İlk defa bir dönem projesinin işinde yer aldım. Tarihimize dayalı bir sürü bilmediğim şey öğrendim. Bu filmi çekerken çok insanla konuştum. İnsanların Malazgirt dönemiyle ilgili bu kadar bilgili olduğunu bilmiyordum. Bu dönemle ilgili herkesin iyi veya kötü bir fikri var. Bu projenin içinde de filmin Türk tarafında olmayı çok isterdim, ama ben Ermeni tarafındayım. Tamamen acımasız bir karakterim, savaşlara giden, savaşları organize eden Antonius adında biri. Çok zevk alarak çalıştığım. Her sahne çekiminden sonra insanların söyledikleri beni çok mutlu etti. Heyecanla seyirciyle buluşmasını bekliyorum. Bu arada çok yeni, güzel bir dizi projesinin müjdesini de ilk defa bu röportaj ile birlikte sevenlerime duyurmak istiyorum.

Nasıl bir dizi?

Yavuz Sultan Selim’in hayatı dizi olacak. Çok uzun soluklu olacağına inanıyorum. Zaten şuan 3 sezonu onaylanmış durumda.

Pandemiden dolayı sinemalar çok ağır bir yara aldı. Neredeyse bir yıldır sinemalar kapalı. Filminin böyle bir döneme gelmesi gişe konusunda seni korkutuyor mu?

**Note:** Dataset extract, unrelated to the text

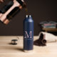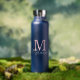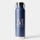 Monogram Modern Minimalist Navy Blue Water Bottle. Personalize with your custom monogram initial and name.
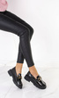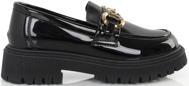 Klasyczne damskie mokasyny wykonane z wysokiej jakości skóry ekologicznej lakierowanej. Modny model zdobi złoty łańcuszek. Półbuty na wygodnej, profilowanej platformie. Obuwie lekkie i wygodne, najmodniejszy fason tego wiosennego sezonu!

Bu kadar motive olduğum, bu kadar emek verilerek çekilmiş bir işin beni de tüm ekibi de üzdü. Yaz sezonunda bazı sinemalar açıktı. Benim birkaç arkadaşımın filmi vizyona girdi. Konuştuğumuz zaman sadece üç hafta 4-5 bin kişi tarafından izlendiğini söylediler. Biz oyuncular için sinema kendini ispatlamak için çok büyük bir alan, ama yapımcılara da hak veriyorum. Hele bizim iş dönem işi ve yüksek bir bütçe harcandı. TRT’de sponsor oldu.

O kostümler, set ortamı, o dünyanın sinerjisi nasıldı?

Daha önce dönem işi setine girmiştim, ama o kostümleri giyinip, kamera karşısına geçmemişti. Oynadığım karakteri araştırıp, o dünyaya girmek, o karakteri yaşamak çok keyifliydi. Çok güzel aksiyon sahneleri çektik. Bilal Kalyoncu ve Özgür Bakan’ın da bakış açıları çok değişikti. Onların da bizi motive etmesiyle bu iş hakkıyla en güzel şekilde çekildi.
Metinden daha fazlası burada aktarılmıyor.